Fixed Positional Embeddings

As previously mentioned, in the Transformer architecture positional encodings serve as a critical component for giving the model an understanding of the order of tokens in a sequence. Unlike recurrent networks, which inherently understand sequence order, the multi-head attention mechanism in the Transformer is non-recurrent and processes the entire sequence in parallel. Consequently, it lacks an innate sense of order among the data points.

To remedy this, the concept of positional encoding is employed. Specifically, a tensor that matches the shape of the input sequence is added to the input, and this tensor is designed such that the difference in values between any two positions reflects their distance in the sequence. This allows the model to understand the relative positions of tokens and treat them accordingly.

To this end, several methods for positional encoding have been proposed. Before we dive into more advanced methods for positional encoding, let's first debunk the shortcomings of seemingly intuitive solutions. Up first, one might think about normalizing time-step values between [0, 1] and using them for positional information:

time_step_normalized = np.linspace(0, 1, num_tokens)

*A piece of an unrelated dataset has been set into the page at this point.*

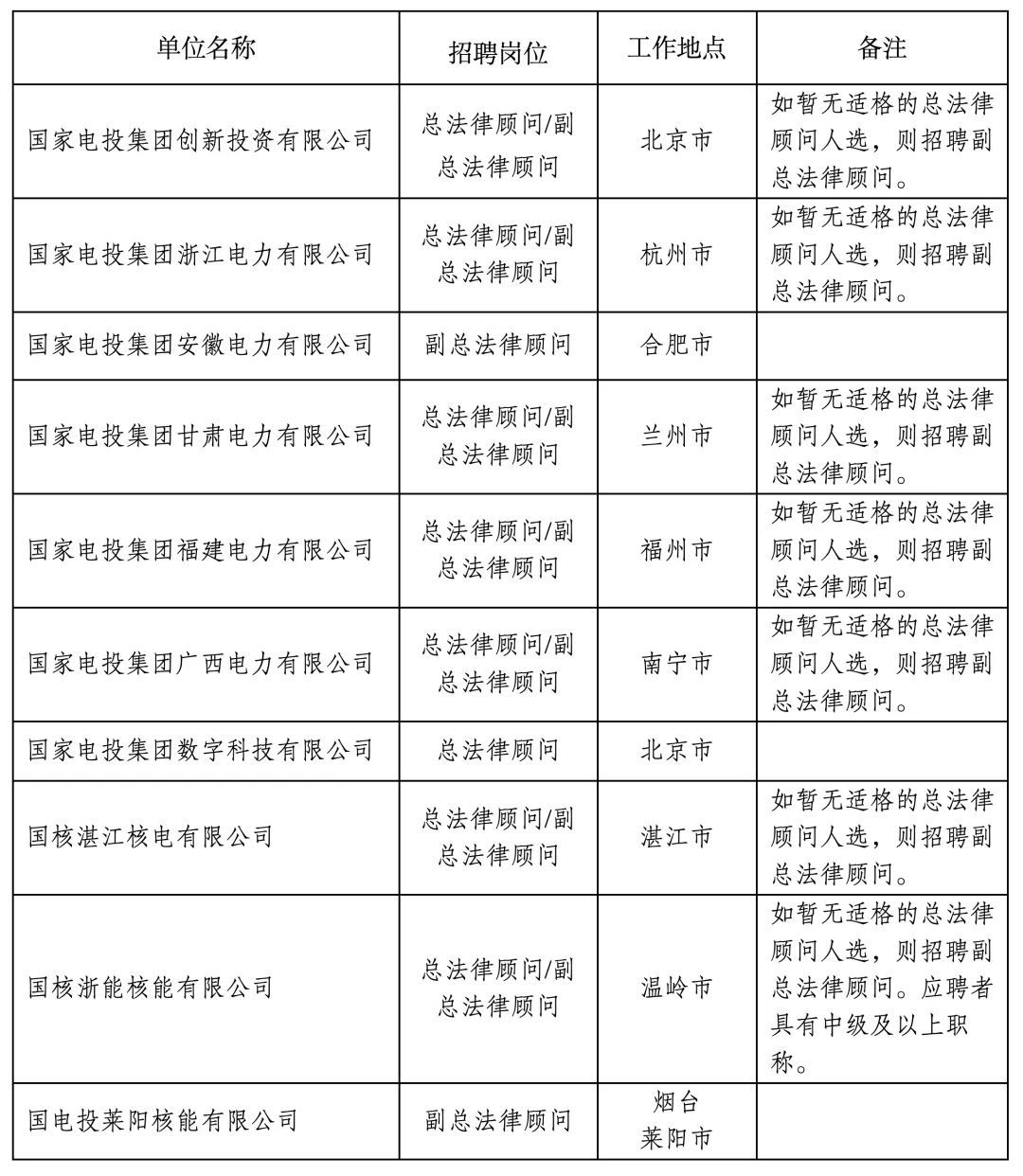 根據(jù)工作需要,國(guó)家電投集團(tuán)所屬部分二級(jí)單位面向系統(tǒng)內(nèi)外公開招聘總法律顧問或副總法律顧問(副總法律顧問只面向系統(tǒng)內(nèi)招聘)?,F(xiàn)將具體事項(xiàng)公告如下。

Though tempting, this approach is inherently flawed: the normalized values are dependent on sequence length, making it problematic for the model to handle sequences of varying lengths - a positional encoding value of 0.4 means something entirely different to a sequence of length 4 than to a sequence of length 80.

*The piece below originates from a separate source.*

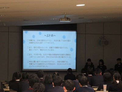 その他 高1京都見学発表会 2018年12月27日 2018年12月27日 高等部1年では,毎年秋にグループごとにテーマを決めて京都を訪れる,京都見学を実施しています。事前学習を行った上で,現地に赴き,そのテーマに関する体験や見学を行います。これらは見学させてもらう企業や団体に対して事前に連絡を取った上で訪問します。実施した後は,事後学習とともに得られた成果をまとめ,各グループが発表します。
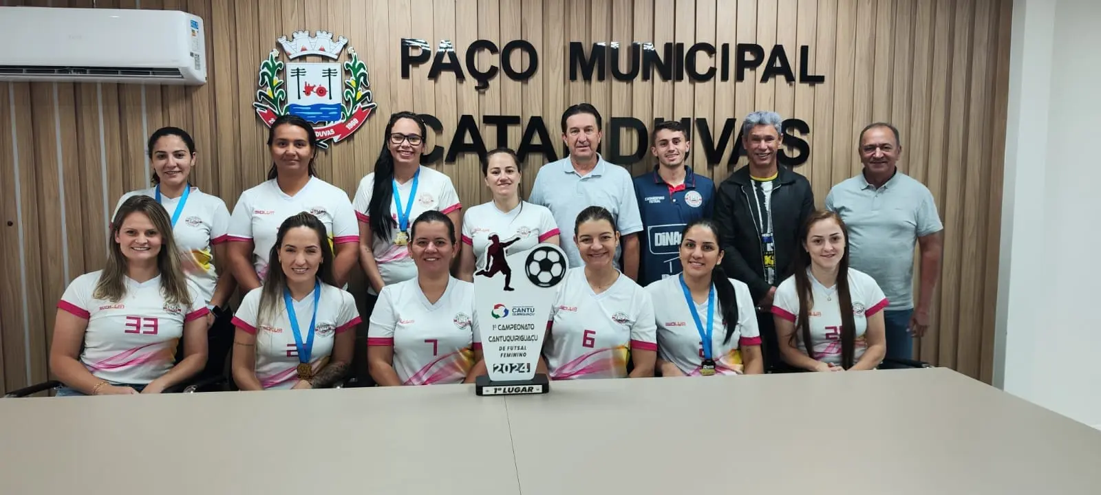Na manhã desta sexta-feira (13), o Prefeito Professor Moisés recebeu, em seu gabinete, a equipe de futsal feminino de Catanduvas, campeã da Copa Cantu de Futsal Feminino 2024. A equipe conquistou o título na noite de terça-feira (10), quando viajou até a cidade de Reserva do Iguaçu para disputar a grande final contra a equipe de Candói.

Similarly, one might advocate for a linear numbering scheme such as:

time_step_linear = np.arange(1, num_tokens + 1)

Simple? Yes. Effective? Not quite. As sequence length inflates, positional values escalate, undermining the model's ability to generalize to sequences longer than those in the training set, while potentially leading to training instabilities (e.g. exploding gradients).

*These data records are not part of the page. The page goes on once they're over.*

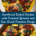 This Smothered Baked Chicken with Creamed Spinach and Sun-Dried Tomatoes is a deliciously creamy and savory dish featuring tender baked chicken breasts topped with a rich sauce made from sun-dried tomatoes, fresh spinach, and Parmesan cheese. Perfect for a comforting weeknight dinner, this recipe combines simple ingredients to create a flavorful meal that’s both satisfying and elegant.
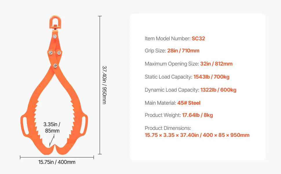 High Load Capacity: With a maximum load capacity of 1543 lbs, these log lifting tongs make heavy-duty tasks like transporting logs, wire mesh, and hay bales easier and safer. Equipped with a 360° rotating hook, they allow for quick adjustments and smooth handling. The ergonomic design minimizes fatigue, improving overall comfort and usability.
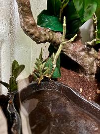 Dondrebates leucomelas di un anno con certificato + Terrario

Sinusoidal Positional Encoding

Among the various approaches proposed over time, the most widely used form of fixed positional embeddings is sinusoidal positional encoding. In this method, each position in the sequence is uniquely represented by a combination of sine and cosine functions at different frequencies. These sinusoidal embeddings are added to the input embeddings to supplement them with positional context.

def sinusoidal_positional_encoding(position, d_model):
    angle_rads = np.arange(d_model) // 2 * np.pi / np.power(10000, 2 * (np.arange(d_model) // 2) / np.float32(d_model)) # 1
    angle_rads = position * angle_rads # 2
    pos_encoding = np.zeros(d_model) # 3
    pos_encoding[0::2] = np.sin(angle_rads[0::2]) # 4
    pos_encoding[1::2] = np.cos(angle_rads[1::2]) # 4
    return pos_encoding

Here, the function takes two arguments: position representing the position of a token in the sequence, and d_model being the dimension of the model's input embeddings.

  1. Initialize Angle Array: We start by creating an array that will hold angle values for sine and cosine functions. These angles are calculated in such a way that they depend on both the position of a token in the sequence and its position in the embedding space. The calculations involve some scaling to ensure that the model handles different sequence lengths efficiently.
  2. Position-Based Scaling: The next step is to multiply these pre-calculated angle values by the position of the token in the sequence. This ensures that each token position will have a unique set of angles.
  3. Initialize Encoding Array: An array of zeros is then initialized. This array will hold the final positional encodings and has the same size as the embedding dimension of the model.
  4. Populate Sine and Cosine Values: Finally, we populate this zero array with sine and cosine values based on the angle values we've computed. The sine values go into the even-indexed positions, and the cosine values go into the odd-indexed positions. The end result is that each position in the sequence gets a unique pattern of sine and cosine values, making it distinguishable from other positions.

How exactly does this approach convey positional information? Imagine a series of pendulums aligned in a straight line. Each pendulum is swinging at a different frequency, starting from the leftmost one, which swings the slowest, to the rightmost one, which swings the fastest. Now, imagine taking a snapshot of the pendulums at a certain time t wheret corresponds to the token's position in the sequence.

In this snapshot, pendulums on the left have moved very little due to their slower frequencies, while those on the right have moved considerably. If you were to calculate the dot product (read: similarity) of their positions at this moment, the slow-swinging pendulums would be aligned closely and contribute positively to the dot product. In contrast, the fast-swinging pendulums would be out of phase and contribute noise around zero to the dot product.

As time (or position) progresses, the snapshot would capture more pendulums being out of phase, causing the dot product value to gradually converge to zero. This mirrors the behavior of the sinusoidal positional encoding: the dot product between the positional encodings of tokens that are close in sequence will be high, while the value will smoothly decrease for tokens that are further apart.

By mapping each token's position in the sequence to a unique combination of sinusoidal values, we effectively capture the relative positions and relationships between tokens. The encoded values at different positions can then be visualized, showing a high value for nearby tokens and a smoothly decreasing value as the distance between tokens increases.